一名老太监跌跌撞撞的跑到殿里,也顾不上行什么宫中之礼,一个踉跄扑倒在醉酒男子脚下。男子置若罔闻,看也没有看一眼,盯着手中的犀牛角杯,反复的说着:“楠芡,楠芡,我的芡儿,不要离开我,不要离开我,回来,你回来啊……”,悲凉之声在大殿里回荡着。
宫殿外,已是火光冲天,喊杀之声由远而近,越来越清晰。数千身着军服的兵士将皇宫团团围住,围了个水泄不通。
“陛下,錖王造反,发动兵变,已经带人朝金銮殿这边杀过来。禁卫军眼看着抵挡不住,陛下快快随老奴从秘道离开。”
老太监见男子无动于衰,只得上前抱住他的腿,苦苦哀求道,声音里难掩焦急和恐惧,回头看了看宫门处,仿佛叛军马上就要冲进来,将房内人斩杀。
终于,男子抬起了头,嘴角露出一丝嘲笑,“錖王会造反?哈哈,笑话,借他十个胆子,也不敢造反。”
男人的声音陡然提高,难掩的不屑流露出来。
“哐”大殿的门被踹开,一个三十岁出头模样的男子带着一队兵士冲进来。手里提着三尺长剑,鲜血顺着剑身滴落在地面上,身上的袍服也溅满鲜血,原本浅蓝的袍子上盛开出千百朵大小不一的红梅,触目惊心。

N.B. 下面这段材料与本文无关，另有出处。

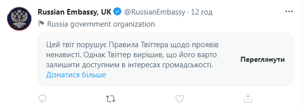 Заяву про це зробило у Twitter посольство країни-агресора у Великій Британії, передає Главком.

闯入的男子猛然抬手,向上提剑,剑尖直指醉酒男子的咽喉处。
“我有什么不敢的,自小我活在你的阴影之下,处处为你做陪衬。你以为我是心甘情愿的吗?我不甘心,论品性、论才能,我哪一点比你差,就因为你是长子,我就得矮你一头,处处让着你。若没有我,你当得了这楚皇?看看你现在的样子,还配做大楚国的一国之君?为一个女人的死,自暴自弃天天用酒麻痹自己,你眼里还有大楚国的臣民吗?边疆告急,国门危在旦夕,东昌大旱,百姓饿死万计,边北发生奇案,死人无数……哪一桩哪一件不是需要立刻处理。
你身为一国之君,你的臣民需要你时,你又在做什么?不闻不问,心里只有那个死去的女人,你是要拖上整个大楚给她陪葬不成。你已经不配再做大楚的王,今天我要用你的血祭奠死去的亡魂,重振大楚之雄威。”

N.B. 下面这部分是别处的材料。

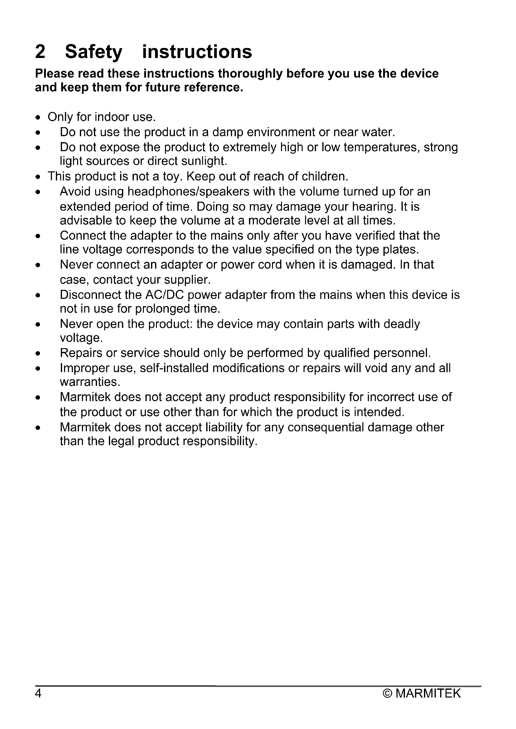 2 Safety instructions Please read these instructions thoroughly before you use the device and keep them for future reference. x Only for indoor use. x Do not use the product in a damp environment or near water. x Do not expose the product to extremely high or low temperatures, strong light sources or direct sunlight. x This product is not a toy. Keep out of reach of children. x Avoid using headphones/speakers with the volume turned up for an extended period of time. Doing so may damage your hearing. It is advisable to keep the volume at a moderate level at all times. x Connect the adapter to the mains only after you have verified that the line voltage corresponds to the value specified on the type plates. x Never connect an adapter or power cord when it is damaged. In that case, contact your supplier. x Disconnect the AC/DC power adapter from the mains when this device is not in use for prolonged time. x Never open the product: the device may contain parts with deadly voltage. x Repairs or service should only be performed by qualified personnel. x Improper use, self-installed modifications or repairs will void any and all warranties. x Marmitek does not accept any product responsibility for incorrect use of the product or use other than for which the product is intended. x Marmitek does not accept liability for any consequential damage other than the legal product responsibility.Surround Anywhere 221™

持剑的男子用力一握手中剑柄,打算给对方来个一剑穿喉。
“錖王,不要啊,不要啊!”原本匍匐在醉酒男子面前的老太监转向持剑的男人,用力的磕头,磕头如同鸡叨米,砰砰做响。“王爷,陛下是你一奶同胞的亲兄弟,亲骨肉,不可造次。是皇后突然离世让陛下悲伤过度,才会在朝政上有所松懈。陛下会好起来的,王爷,千万不可逾矩啊!”
老太监苦苦哀求,老泪纵横,鼻涕眼泪全下来了,也没有打动持剑男子半分。持剑男子冷哼一声,“好你一个忠心耿耿的狗奴才,自己都死到临头,还为昏君开脱。看在你这么忠心的份上,我先送你上路。”
话音一落,男子撤身抽回剑刺向老太监胸口。一剑正中要害,老太监哼也没哼一声,一头栽倒在地,眼皮一翻去那世了。錖王抽出剑,在老太监的衣服上将剑上的血擦拭干净,一脚将尸体踢开。剑尖又指向醉酒男人的咽喉处。
老太监胸口一蓬鲜血随着剑的离开,喷涌而出,在醉酒男子眼前乍开,如一股激流,到了顶端又似红色血雾落了下来。这红色的血雾,仿若当头的一盆寒水,将他的酒意浇醒。原本醉意朦胧的眼里,多了几分戾气和寒气,眸子一紧,又拳一握。说道:“皇甫清,你真要造反?”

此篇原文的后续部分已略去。